Чарльз посмотрел на нее, и лицо его мгновенно ожесточилось.
– Я отдаю себе в этом отчет.
– Хорошо. В таком случае вы поймете, почему я не возьму эту
девушку к себе. Я возьму вторую. – Поднявшись со стула, как если бы вопрос был
решен, она взглянула на своего поверенного. – Проследите, чтобы доктор Морисон
получил банковский чек для возмещения его расходов и еще один чек для оплаты билета
на пароход для младшей дочери моей внучки.
– Да, ваша светлость, – поклонился поверенный. – Что-нибудь
еще?
– Еще будет масса дел, – отчеканила она напряженно. – Мне
предстоит вывести девушку в свет, обеспечить ее приданым. Мне предстоит найти
ей мужа, мне…
– А как насчет Виктории? – свирепо прервал ее Чарльз. – Что
вы собираетесь предпринять в отношении старшей дочери Кэтрин?
Герцогиня бросила на него сердитый взгляд.
– Я уже сказала – она напоминает мне свою мать, и я не приму
ее у себя. Как мне помнится, вам крайне нужна была ее мать. А Кэтрин явно
нуждалась в вас – даже будучи при смерти, она произнесла ваше имя.
Так что можете приютить у себя хотя бы ее «копию». И если
судьба уготовила вам возможность любоваться ее девчонкой, то так вам и надо.
В мозгу Чарльза все еще боролись радость и сомнение, когда
старая герцогиня высокомерно добавила:
– Выдайте ее за кого угодно, но только не за своего
племянника. Двадцать два года назад я не одобряла союза между моей и вашей
семьями, я и теперь против. Я…
Тут она неожиданно замолкла, как будто что-то пришло ей в
голову. Глаза герцогини засветились зловещим триумфом.
– Я выдам Дороти за сына Уинстона! – ликуя, объявила она. –
Мне хотелось, чтобы Кэтрин вышла за его отца, но она отвергла его из-за вас.

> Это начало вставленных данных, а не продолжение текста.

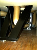 Das dürfte aber kein Problem sein, da unter dem Tisch keine so große Belastung auf den Fußboden kommt. Zusätzlich hätte man die Möglichkeit, kleine Abschnitte des Brettes zu verwenden um den Boden an anderer Stelle abzustützen.
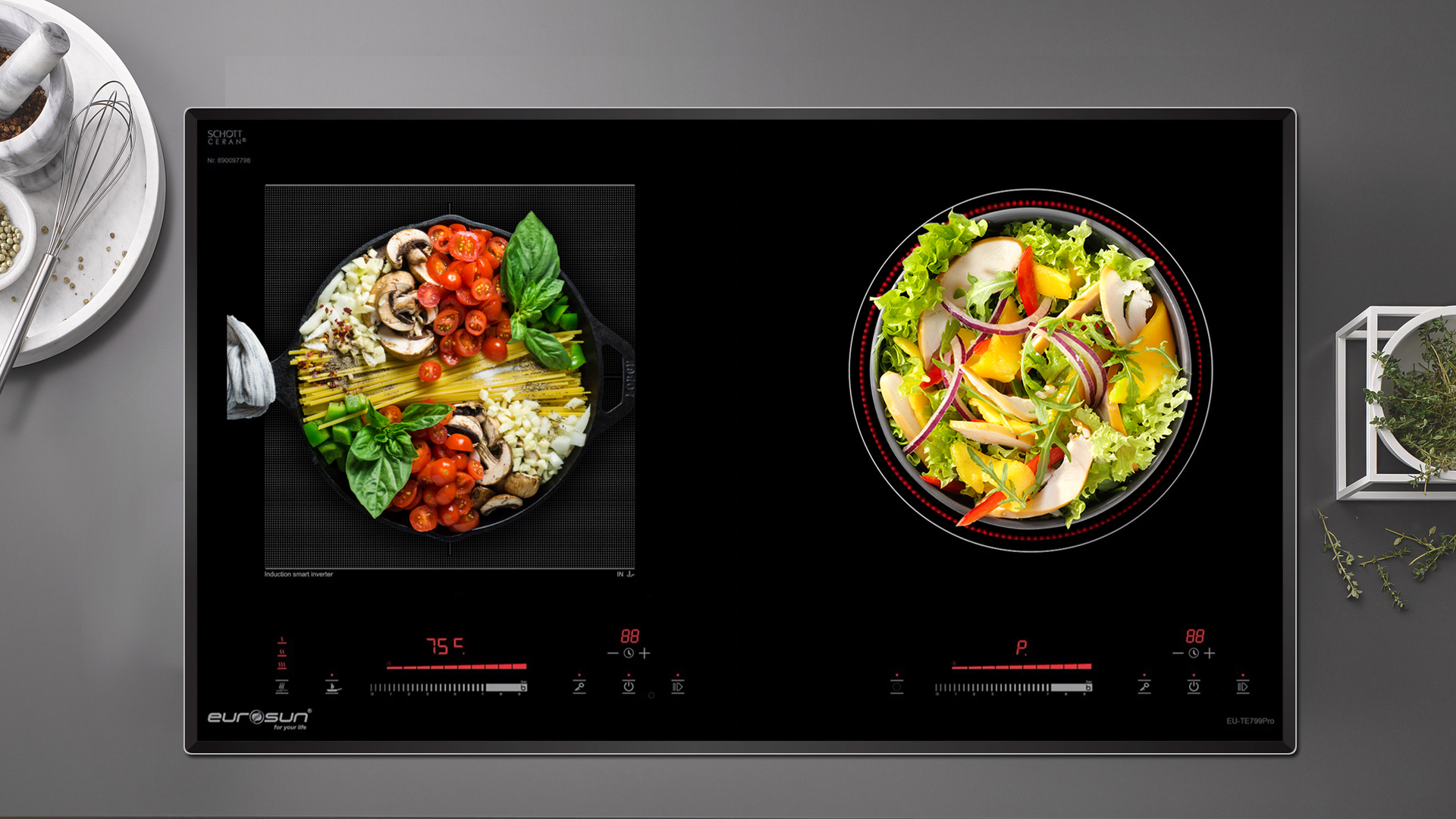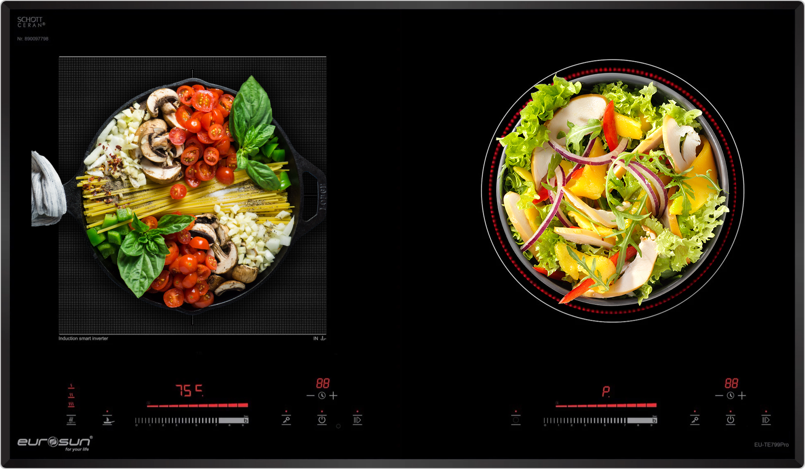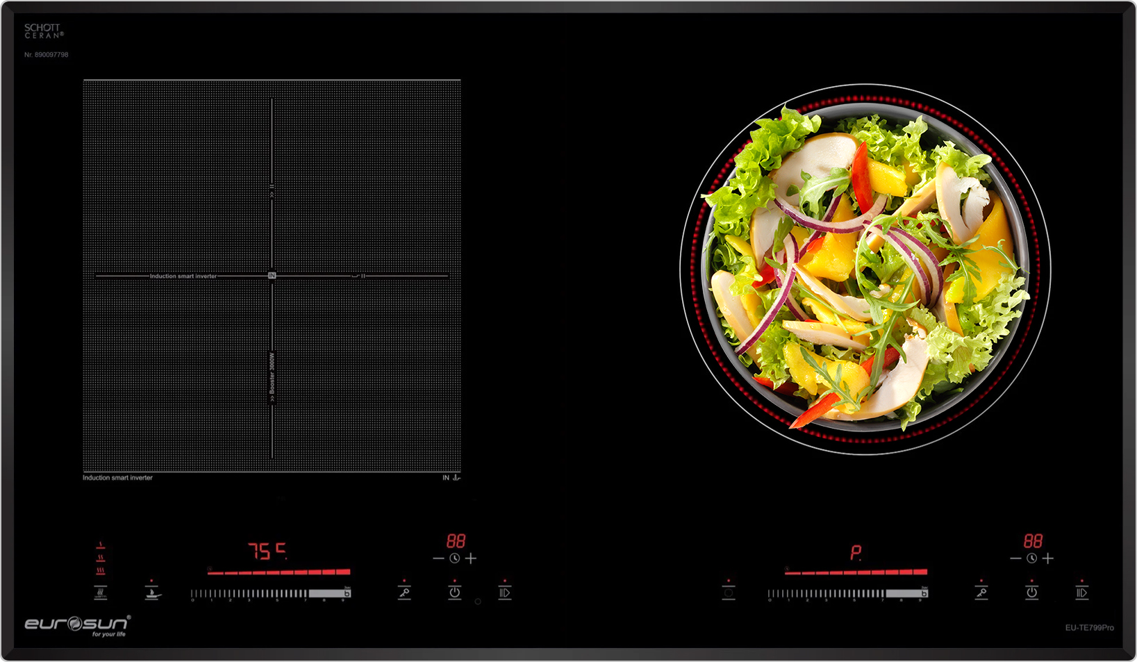 Bếp điện từ Eurosun EU-TE799Pro được tích hợp chức năng tự nhận diện vùng nấu, khi ta đặt nồi lên vùng nấu từ sau đó ấn nút khởi động bếp sau thời gian 1-2 giây bếp sẽ tự động tìm vùng nấu đã có nồi, ta chỉ việc điều chỉnh mức công suất to nhỏ theo ý muốn mà không phải thao tác chọn vùng nấu như bếp thông thường. Công nghệ Inverter được áp dụng trên bếp điện từ Eurosun EU-TE799Pro có khả năng phản ứng thay đổi công suất theo điều khiển ngay tức thì, khi người dùng điều chỉnh tăng giảm nhiệt độ đun nấu, bếp điều chỉnh thay đổi tức thì về mức nhiệt độ mong muốn.

Теперь я выдам Дороти за сына – таким образом я добьюсь наконец союза с
Уинстонами! – Недобрая улыбка мелькнула на ее морщинистом лице, когда она
увидела страдание, появившееся в глазах Чарльза. – После всех этих лет я все
еще собираюсь добиться самой великолепной партии для нашего семейства за целое
десятилетие! – С этими словами герцогиня покинула комнату в сопровождении
своего поверенного.
Филдинг смотрел ей вслед и испытывал нечто среднее между
горечью, ненавистью и ликованием. Старая карга только что нечаянно вручила ему
то, что ему хотелось заполучить больше всего на свете, – Викторию, ребенка
Кэтрин. И ее точный портрет.
Невыносимая радость переполняла Чарльза, но вместе с тем
почти тотчас забурлил гнев. Эта коварная, бессердечная старуха собиралась
устроить брачный союз с Уинстонами – в точности так, как ей всегда хотелось.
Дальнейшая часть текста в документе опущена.